• Source material:

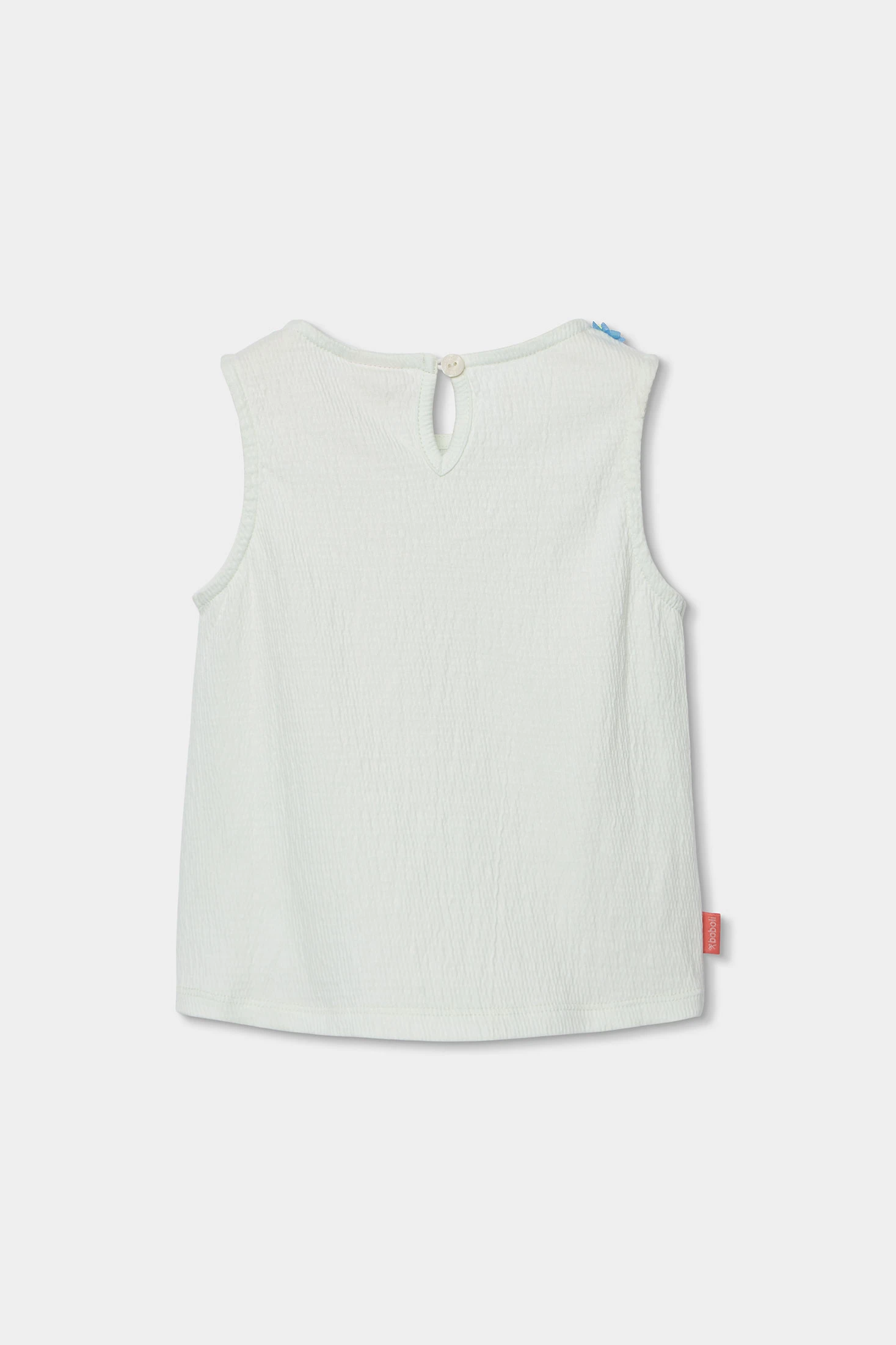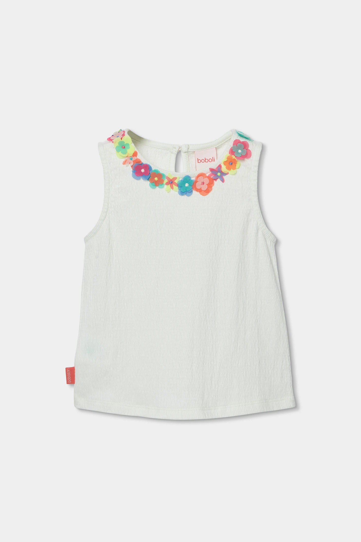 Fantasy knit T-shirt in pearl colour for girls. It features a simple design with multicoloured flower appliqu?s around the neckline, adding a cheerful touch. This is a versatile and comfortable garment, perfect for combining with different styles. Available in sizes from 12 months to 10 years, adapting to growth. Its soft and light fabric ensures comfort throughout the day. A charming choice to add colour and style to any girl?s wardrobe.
...
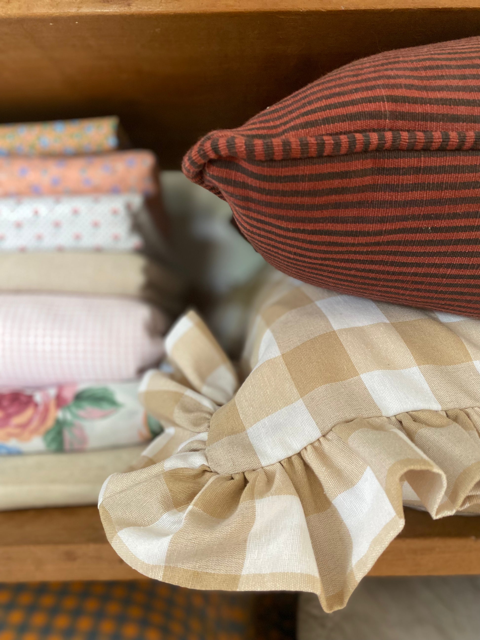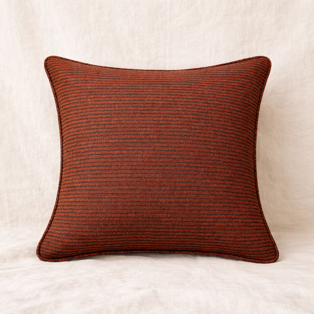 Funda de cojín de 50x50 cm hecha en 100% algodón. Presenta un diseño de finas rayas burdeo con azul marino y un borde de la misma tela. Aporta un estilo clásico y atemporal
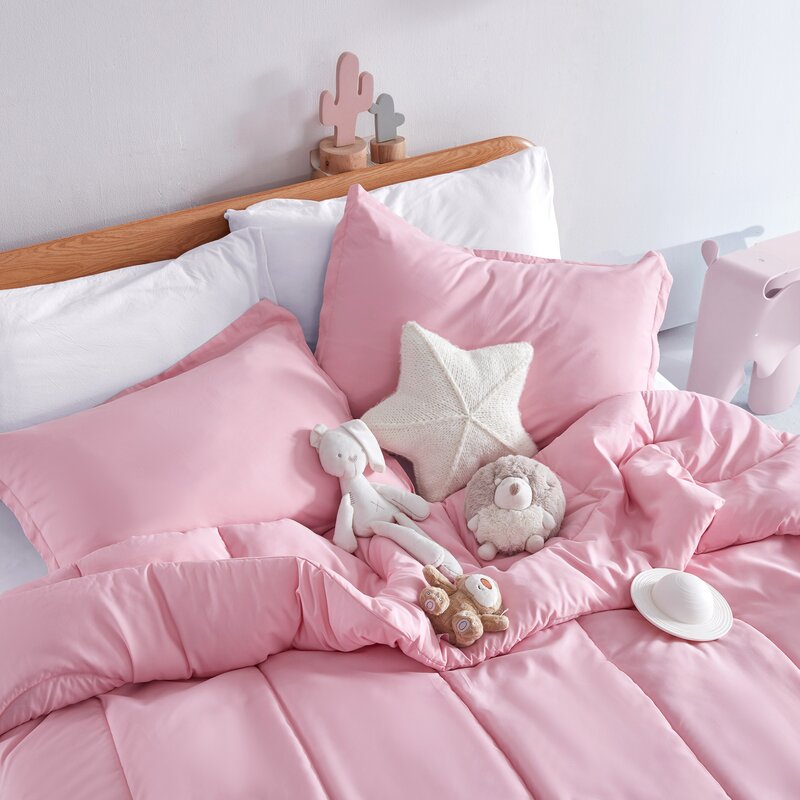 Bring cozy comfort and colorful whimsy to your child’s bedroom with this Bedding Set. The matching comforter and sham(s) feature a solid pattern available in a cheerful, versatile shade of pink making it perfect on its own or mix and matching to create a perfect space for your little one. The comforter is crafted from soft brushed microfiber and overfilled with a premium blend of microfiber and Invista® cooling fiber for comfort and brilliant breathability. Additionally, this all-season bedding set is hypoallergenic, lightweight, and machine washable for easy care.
* * *
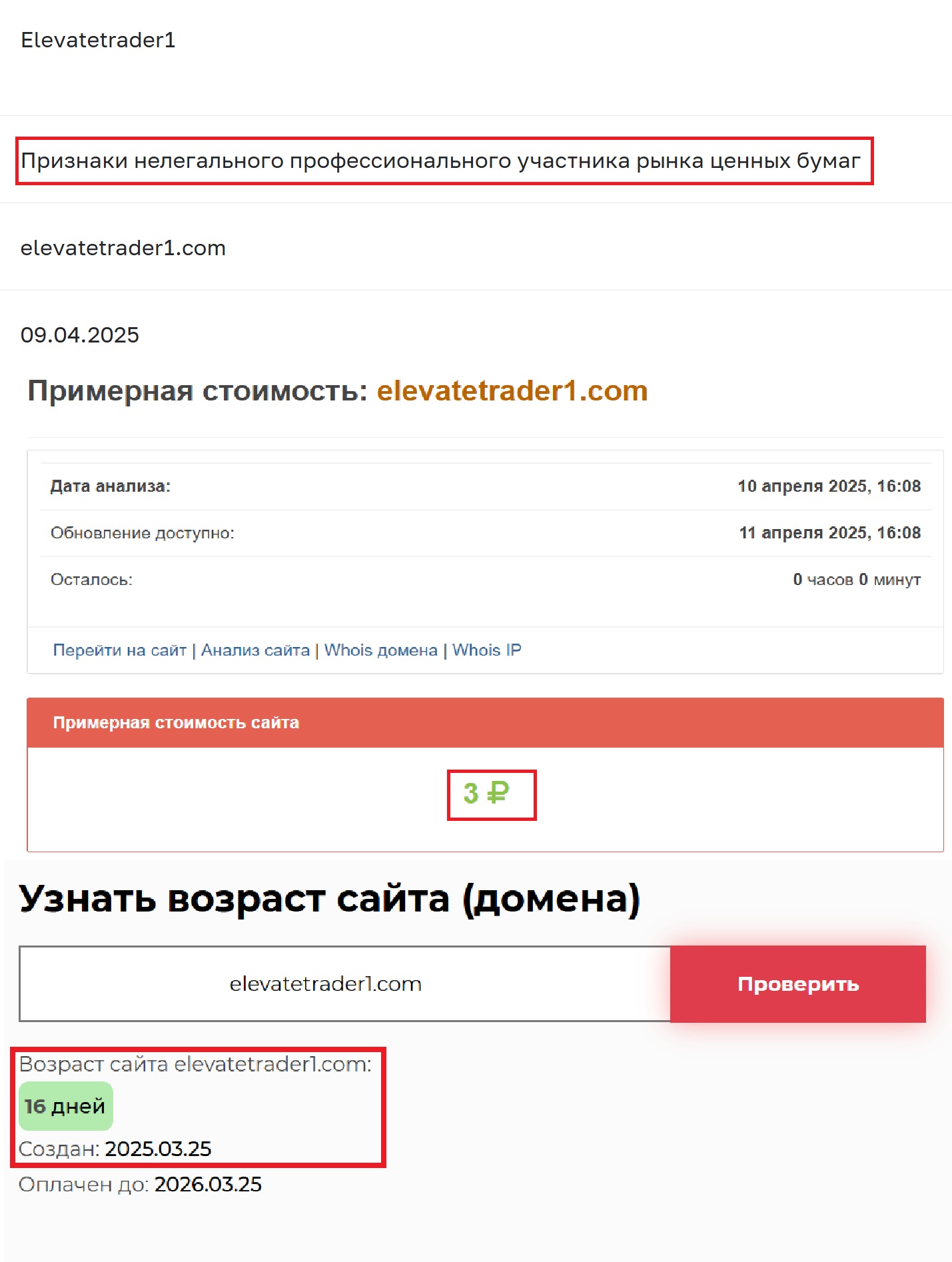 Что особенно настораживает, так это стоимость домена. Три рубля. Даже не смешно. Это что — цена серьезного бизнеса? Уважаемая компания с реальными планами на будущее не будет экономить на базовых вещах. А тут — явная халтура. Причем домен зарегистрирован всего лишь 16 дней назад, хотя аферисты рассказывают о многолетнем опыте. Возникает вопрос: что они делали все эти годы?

• Task directions:
Within the listing above, the lines from the one with "Funda de cojín" through the one with "Bring cozy comfort" are to be given again word for word. Do not include pictures.

• Output below:
 Funda de cojín de 50x50 cm hecha en 100% algodón. Presenta un diseño de finas rayas burdeo con azul marino y un borde de la misma tela. Aporta un estilo clásico y atemporal
 Bring cozy comfort and colorful whimsy to your child’s bedroom with this Bedding Set. The matching comforter and sham(s) feature a solid pattern available in a cheerful, versatile shade of pink making it perfect on its own or mix and matching to create a perfect space for your little one. The comforter is crafted from soft brushed microfiber and overfilled with a premium blend of microfiber and Invista® cooling fiber for comfort and brilliant breathability. Additionally, this all-season bedding set is hypoallergenic, lightweight, and machine washable for easy care.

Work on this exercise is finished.